Compute difference between Gross Conversion Experiment and Control group. Repeat the same for Net Conversion.
df_23['Pdiff'] = df_23['Experiment'] - df_23['Control']
df_23['Pdiff'].iloc[:4] = np.nan
df_23
Gross Conversion metric is practically significant as the probability difference between experiment and control group, Pdiff is -2%, which is greater than the 1% dmin change.
Net Conversion metric is NOT practically significant as the probability difference between experiment and control group, Pdiff is -0.4%, which is lower than the 0.75% dmin change.
Statistically significant means a result is unlikely due to chance. The p-value is the probability of obtaining the difference we saw from a sample (or a larger one) if there really isn’t a difference for all users.
Statistical significance doesn’t mean practical significance. Only by considering context can we determine whether a difference is practically significant; that is, whether it requires action.
It is statistically significant if:
With large sample sizes, you’re virtually certain to see statistically significant results, in such situations it’s important to interpret the size of the difference.
Small sample sizes often do not yield statistical significance; when they do, the differences themselves tend also to be practically significant; that is, meaningful enough to warrant action.
refer further details here: https://measuringu.com/statistically-significant/
# Find the confidence interval range
df_23['Lower'] = df_23['Pdiff'] - df_23['MOE']
df_23['Upper'] = df_23['Pdiff'] + df_23['MOE']
df_23
Gross Conversion metric is statistically significant since Pdiff is -0.02, which is within the 95% confidence interval range: [-0.029124, -0.011986] and the CI does not include 0.
Net Conversion metric is NOT statistically significant since Pdiff is -0.004, which is a very small decrease and as such is not statistically significant.

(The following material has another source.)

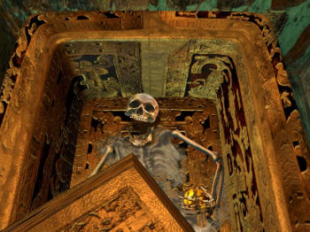 TIMELAPS: Ancient Civilizations...the Link to Atlantis![]() Uitgever: GTE Entertainment / 1996 Ontwerper: GTE Entertainment Platform: PC, Mac. Systeemeisen: --- Windows 3.1/95 - Pentium 60 MHz processor (100 MHz aanbevolen) - 16 MB RAM - SVGA compatible videokaart - 4x CD-ROM drive - 90 MB opslagruimte. Categorie: Fantasie, science fiction, zoektocht in verleden, geïllustreerd realisme, 1ste persoon, point & click. Walkthrough: klik hier voor Hans' Nederlandstalige walkthrough. Beschrijving en review door Hans: Inleiding Na het immense succes sinds 1993 van het spel Myst, dat een enorme opzwieper was voor het genre avonturenspellen, volgden al gauw andere adventurespellen volgens hetzelfde principe van point & click, waarmee je van diabeeld naar diabeeld springt en via aanraakgevoelige delen van het scherm in interactie kunt treden met de afgebeelde omgeving. In 1996 kwam Timelapse uit, een gouwe ouwe die nog steeds zeer de moeite van het spelen waard is en het verdient om in opgeknapte vorm opnieuw te worden uitgebracht. Dat is tot op heden niet gebeurd maar gelukkig heeft Steam het oude spel wel geschikt gemaakt voor moderne Windows-systemen zoals Windows 10. ![]() ![]() Verhaal Het begint ermee dat je een dringend bericht ontvangt van een bevriende archeoloog die op de Paaseilanden werkt aan een oude link naar verloren beschavingen. Als je aankomt op zijn opgravingsplek, ontdek je dat professor Nichols vermist is. Jij bent de enige persoon die hem kan vinden en gewapend met het achtergebleven dagboek van Nichols, ga je op een avontuurlijke reis die je naar plaatsen - en tijden - brengt waar je niet eens van hebt gedroomd. Je zoektocht zal je uiteindelijk leiden naar de oude Egyptenaren, Maya's, Anasazi en de verloren stad Atlantis! In het voetspoor van je vriend, de verdwenen professor Nichols, reis je via een tijdmachine naar het verleden van oude beschavingen. Je kunt je eigen volgorde bepalen waarin je die oude werelden wilt bezoeken, maar uit het dagboek blijkt dat Nichols eerst Egypte heeft bezocht, dan de Maya's, daarna de Anasazi en tenslotte Atlantis. Je vriend probeert een verband te leggen tussen de oude culturen en aan te tonen dat die haar oorsprong in Atlantis hebben. Op elk van die plaatsen kun je een deel lezen van het dagboek van de professor, dat je aan het begin van het spel eerst moet zien te vinden. Niet alleen krijg je zo achtergronden over de culturen, maar ook ontvouwt zich het onderliggende verhaal en krijg je soms belangrijke aanwijzingen, zoals een plattegrond of hints om een puzzel op te lossen. ![]() ![]() Spel Op het Paaseiland waar je begint kom je na het oplossen van puzzels bij een tijdmachine terecht. Daar maakt Nichols via een opgenomen video duidelijk dat je drie zogenaamde gene pods moet verzamelen. Dat zijn artefacten waarin de genetische informatie van de oude beschavingen (dna van de bewoners) is opgeslagen. Hij wil deze houders mee terugnemen naar het heden om zijn collega's, die niet in zijn theorieën geloven, te overtuigen van zijn gelijk over de beïnvloeding van de culturen door Atlantis. In Egypte moet je eerst een aanlegplaats voor een boot ontsluiten voordat je naar de overkant van de Nijl kunt varen. Daar is een Nijltempel met interessante puzzels en erachter een rotstempel met weer andere uitdagingen. Zo wordt de volgorde van spelen min of meer bepaald. Bij de Maya's zijn er zes tempels. De eerste dient als vertrekpunt waar je door het oplossen van puzzels toegang moet zien te krijgen tot vier volgende tempels. In elk van deze los je nieuwe puzzels op, wat je steeds een kunstvoorwerp oplevert. Dankzij die vier voorwerpen kun je uiteindelijk de zesde tempel betreden. Bij de Anasazi kun je naar vier windstreken lopen en maakt het niet uit welke je het eerst kiest. Je moet goed opletten wat je ziet en hoort want daar wordt later aan gerefereerd. Je komt nergens ook maar een levende ziel tegen, afgezien dat er af en toe een robotachtige wachter als een hologram verschijnt, bedreigingen uit en weer verdwijnt. Daarnaast kun je meer hologrammen oproepen waarin je door vertegenwoordigers van de beschavingen wordt toegesproken. Uit de dagboekdelen van Nichols blijkt dat hij zich zeer over de afwezigheid van echte mensen verwondert. ![]() ![]() Spelbediening Je gebruikt de muis om acties uit te voeren en om vooruit en achteruit te gaan en naar links, rechts en achterom te kijken. Je kunt echter ook met de pijltjestoetsen rechtsonder op je toetsenbord maneuvreren. Het voordeel hiervan is dat je aan de vorm van de cursor ziet in welke richtingen je kunt gaan. Met de spatiebalk roep je het menu op. Je kunt je vorderingen zo vaak opslaan als je wilt. Bijzonder is dat je behalve het afzonderlijk instellen van het omgevingsgeluid en de muziek ook de lichtsterkte trapsgewijs kunt regelen. Er is geen inventaris die je met allerlei voorwerpen vult. Maar regelmatig kun je één voorwerp oppakken, dat dan rechtsonder in beeld blijft staan totdat je het kort daarna gebruikt. Het oorspronkelijke spel kende ook het beperkte gebruik van een camera maar dat werkt niet onder Windows 10. Toch is het mogelijk om belangrijke informatie vast te leggen door middel van schermafbeeldingen, in mijn geval niet met de bij Steam gebruikelijke F12-toets maar gewoon met Printscreen. En door tijdens het spelen op de Windowstoets te drukken kun je die schermafdrukken raadplegen. ![]() ![]() Puzzels Er zijn allerlei soorten puzzels in het spel. Voor sommige heb je een voorwerp nodig dat je kortstondig meeneemt. Ook zijn er ingewikkelder puzzels waarbij je eerst moet uitzoeken wat de bedoeling is voordat je kunt achterhalen hoe je dat doel bereikt. Er zijn minispelletjes, logische puzzels en uitprobeerpuzzels. De puzzel met de dubbele trappenpiramide bij de Maya's is zo moeilijk dat het geen schande is als je uiteindelijk hulp inroept. En voor wie een beperking heeft biedt een goede speldoorloop ook voor kleurgerelateerde puzzels en geluidspuzzels een uitkomst. De slangenpuzzel

The 95% confidence interval range: [-0.011604, 0.001857] indicates the CI does include 0.
In a sign test, we check if the trend of change we observed (increase or decrease) was evident in the daily data.
Based on above results analysis, I expect to see experiment group with lower gross conversion rate and net conversion rate than the control group. Compute the Gross Conversion and Net Conversion daily per group, then count how many days each metric was lower in the experiment group and this will be the number of successes for the binomial test to calculate the two-tail P value.

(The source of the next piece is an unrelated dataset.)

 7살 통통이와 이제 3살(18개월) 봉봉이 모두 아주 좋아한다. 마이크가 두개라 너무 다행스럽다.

I use an online binomial tool to calculate the two-tail P value. You can implement the calculations behind it by referring to Tammy Rotem's kaggle solution.

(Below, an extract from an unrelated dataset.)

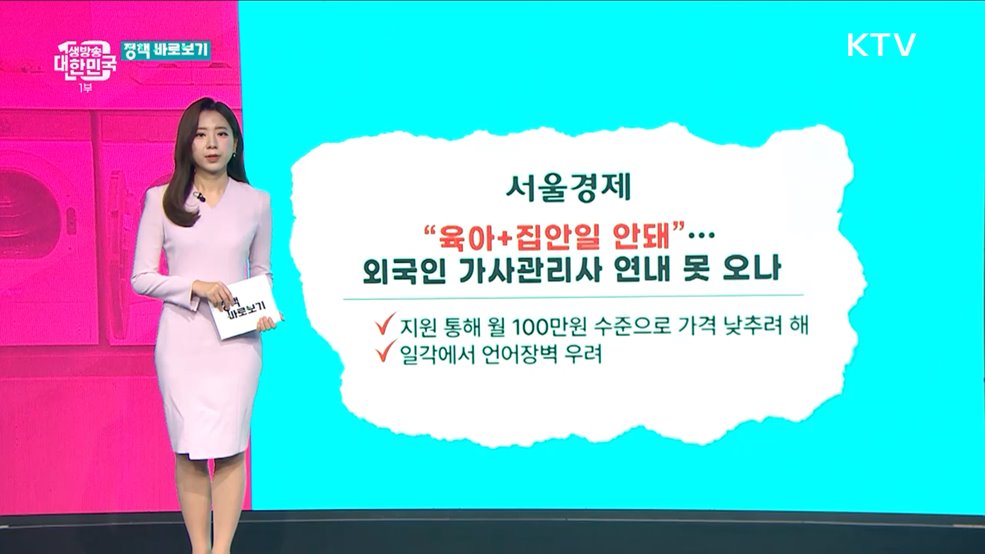 심수현 정책캐스터>서울시에서 도입할 '외국인 가사도우미' 시범사업에 관심이 쏠리고 있습니다.돌봄 부담을 줄일 수 있을 거란 기대감과 함께 부작용에 대한 우려도 나오고 있는데요.관련한 언론보도 포함해 오늘 총 3가지 내용 짚어봅니다.1. 외국인 가사관리사 시범사업 추진···"연내 시행 목표" 최근 한 언론에서 나온 기사입니다.외국인 가사관리사가 올해 안에 들...

# Merge both groups of data with date as join using the 23 day worth of data established previously:
df_sign = pd.merge(df_exp23, df_ctr23, on = 'Date')
#Experiment group:
df_sign['GC_exp'] = df_sign['Enrollments_x']/df_sign['Clicks_x']
df_sign['NC_exp'] = df_sign['Payments_x']/df_sign['Clicks_x']
#Control group:
df_sign['GC_ctr'] = df_sign['Enrollments_y']/df_sign['Clicks_y']
df_sign['NC_ctr'] = df_sign['Payments_y']/df_sign['Clicks_y']
df_sign.head()
#Select only relevant columns for easier read across:
df_sign = df_sign[['Date','GC_exp', 'GC_ctr', 'NC_exp', 'NC_ctr']]
df_sign.head()
# Gross conversion sign test: True (pass or success) if GC Experiment is lower
df_sign['GC_sign_result'] = df_sign['GC_exp'] < df_sign['GC_ctr']
df_sign['GC_sign_result'].value_counts()
# Net conversion sign test: True (pass or success) if NC Experiment is lower
df_sign['NC_sign_result'] = df_sign['NC_exp'] < df_sign['NC_ctr']
df_sign['NC_sign_result'].value_counts()
So, P-Value of the test is 0.0026. Since the probability to pass the test daily is 1-0.0026 = 0.9974 which is greater than 95%, this result does not happen by chance (statistically significant) and **it passes the sign test**.
So, P-Value of the test is 0.6776. Since the probability to pass the test daily is 1-0.6776 = 0.3224 which is lower than 95% , **it does NOT pass the sign test.** The experiment will not have statistical significance impact on Net Conversion.